Monsieur le président, monsieur le secrétaire d’État, mes chers collègues, cet article, qui a trait aux objectifs et aux principes de la formation professionnelle, vise à donner un accès prioritaire aux personnes sans premier niveau de qualification ni baccalauréat. Il répond donc à un souci que nous partageons, celui de réorienter la formation professionnelle vers ceux qui en ont le plus besoin.
Il manque cependant un principe important, celui du droit à la formation initiale différée, mis en avant dans l’accord signé par les partenaires sociaux au début de l’année. Ce principe figurait déjà, d’ailleurs, dans l’accord national interprofessionnel de 2003. Il s’agit, en quelque sorte, d’un droit à la deuxième chance.
En effet, notre système de formation initiale est ainsi fait que toute sortie est perçue comme définitive et vécue comme un échec : à juste titre, car les jeunes sortis de l’école sans diplôme ont plus de mal à s’insérer dans le monde professionnel que les autres.
Il convient donc de dédramatiser la sortie du système scolaire en facilitant une reprise d’études immédiate, comme c’est le cas chez nos voisins européens, où les difficultés rencontrées par les jeunes sur le marché du travail sont moindres.
Ensuite, en dépit du fait que la sécurisation des parcours professionnels figure dorénavant parmi les finalités de la formation, nous restons dubitatifs quant aux moyens que vous vous donnez, monsieur le secrétaire d’État, pour atteindre cet objectif important, inscrit au début du préambule de l’accord national interprofessionnel.
En effet, la principale mesure est la création d’un fonds paritaire de sécurisation des parcours professionnels, dont le fonctionnement sera d’une extrême complexité et le financement pour le moins opaque.
Mais qu’en est-il de la responsabilité des entreprises ? Mon département, comme beaucoup d’autres malheureusement, est durement frappé par la crise, et les fermetures d’usines se multiplient. La cokerie de Carling, où 450 personnes vont être licenciées, en constitue le dernier exemple en date. Ce qu’il faut, dans ces cas-là, c’est que les salariés ne soient jamais licenciés, mais se forment à d’autres métiers au sein même de leur entreprise.

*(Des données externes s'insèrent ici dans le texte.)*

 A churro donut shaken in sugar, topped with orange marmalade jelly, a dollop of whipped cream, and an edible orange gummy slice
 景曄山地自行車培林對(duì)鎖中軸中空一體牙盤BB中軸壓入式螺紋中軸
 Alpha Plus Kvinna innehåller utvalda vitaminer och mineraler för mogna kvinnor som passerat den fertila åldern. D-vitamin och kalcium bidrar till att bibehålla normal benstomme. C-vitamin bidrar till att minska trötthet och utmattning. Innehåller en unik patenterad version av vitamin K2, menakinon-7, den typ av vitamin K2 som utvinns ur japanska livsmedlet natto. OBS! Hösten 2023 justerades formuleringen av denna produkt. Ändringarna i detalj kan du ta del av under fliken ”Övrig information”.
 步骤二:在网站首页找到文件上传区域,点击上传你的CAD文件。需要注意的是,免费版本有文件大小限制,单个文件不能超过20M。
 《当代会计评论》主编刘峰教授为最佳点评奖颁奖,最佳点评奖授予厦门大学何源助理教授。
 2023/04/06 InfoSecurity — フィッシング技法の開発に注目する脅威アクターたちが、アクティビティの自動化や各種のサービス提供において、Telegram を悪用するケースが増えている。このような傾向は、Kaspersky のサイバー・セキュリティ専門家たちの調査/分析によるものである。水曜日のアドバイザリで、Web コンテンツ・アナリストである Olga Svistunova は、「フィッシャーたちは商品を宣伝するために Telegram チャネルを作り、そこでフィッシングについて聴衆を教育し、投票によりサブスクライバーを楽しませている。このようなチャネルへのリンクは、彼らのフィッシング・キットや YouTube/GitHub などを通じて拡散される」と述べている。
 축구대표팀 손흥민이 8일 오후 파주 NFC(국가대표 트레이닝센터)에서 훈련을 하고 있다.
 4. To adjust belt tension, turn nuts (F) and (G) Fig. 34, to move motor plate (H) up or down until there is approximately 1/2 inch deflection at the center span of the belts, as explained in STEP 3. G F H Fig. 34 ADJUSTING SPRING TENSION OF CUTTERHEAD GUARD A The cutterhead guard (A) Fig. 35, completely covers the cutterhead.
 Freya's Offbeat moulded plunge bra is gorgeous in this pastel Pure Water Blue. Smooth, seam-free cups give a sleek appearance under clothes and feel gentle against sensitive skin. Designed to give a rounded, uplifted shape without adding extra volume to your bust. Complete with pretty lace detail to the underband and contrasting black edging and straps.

Cela passe par une forte implication des employeurs, mesure que ne prévoit pas ce texte. En définitive, ce dernier reste loin de jeter les bases d’une véritable sécurité sociale professionnelle, pourtant promise par le Président de la République et à laquelle aspirent nos concitoyens, notamment en cette période de crise.
En ce qui concerne le handicap, l’Assemblée nationale a ajouté une disposition importante, absente de la rédaction initiale du texte, visant à « évaluer les politiques de formation professionnelle menées en faveur des travailleurs handicapés ». C’est une très bonne chose. Nous le savons, l’insertion des personnes handicapées est difficile et leur taux de chômage beaucoup plus élevé que celui du reste de la population. Après avoir eu du mal à trouver une activité professionnelle, ces personnes rencontrent aussi beaucoup de difficultés pour accéder à la formation professionnelle. Nous devons prêter une attention particulière à ce problème, et l’un de nos amendements visera d’ailleurs à aller plus loin en faveur de ce public.
Toutefois, n’oublions pas non plus que d’autres méritent également une attention particulière. Je pense notamment aux personnes détenues, dont il n’est même pas fait mention. Leur ouvrir l’accès à une formation leur permettrait, en particulier, de mieux vivre leur peine et de se réinsérer plus facilement à leur sortie.
De même, il n’est jamais fait référence, dans ce projet de loi, aux organismes de formation, dont on sait pourtant qu’ils peuvent être facilement infiltrés par les sectes, avec les dégâts que cela peut engendrer.
Enfin, si les régions sont mentionnées dans cet article, nous estimons qu’en réalité elles ont été écartées des missions principales. Pourtant, depuis que les lois de décentralisation leur ont donné la compétence en matière de formation professionnelle, elles jouissent d’une certaine expérience dans ce domaine, ainsi que d’une réussite attestée et reconnue. Leur légitimité ne se discute plus : plusieurs rapports ont préconisé de les promouvoir comme pilote unique en matière de formation professionnelle, et non pas comme copilote, ainsi que vous le proposez. Nous pensons que l’hétérogénéité des territoires appelle une politique de formation spécifique et différenciée selon les régions, en liaison avec les objectifs de développement et d’aménagement du territoire que celles-ci se fixent. Nous présenterons donc un amendement visant à renforcer le rôle des régions.
Votre texte manque d’ambition, monsieur le secrétaire d’État, et nous ne le voterons pas.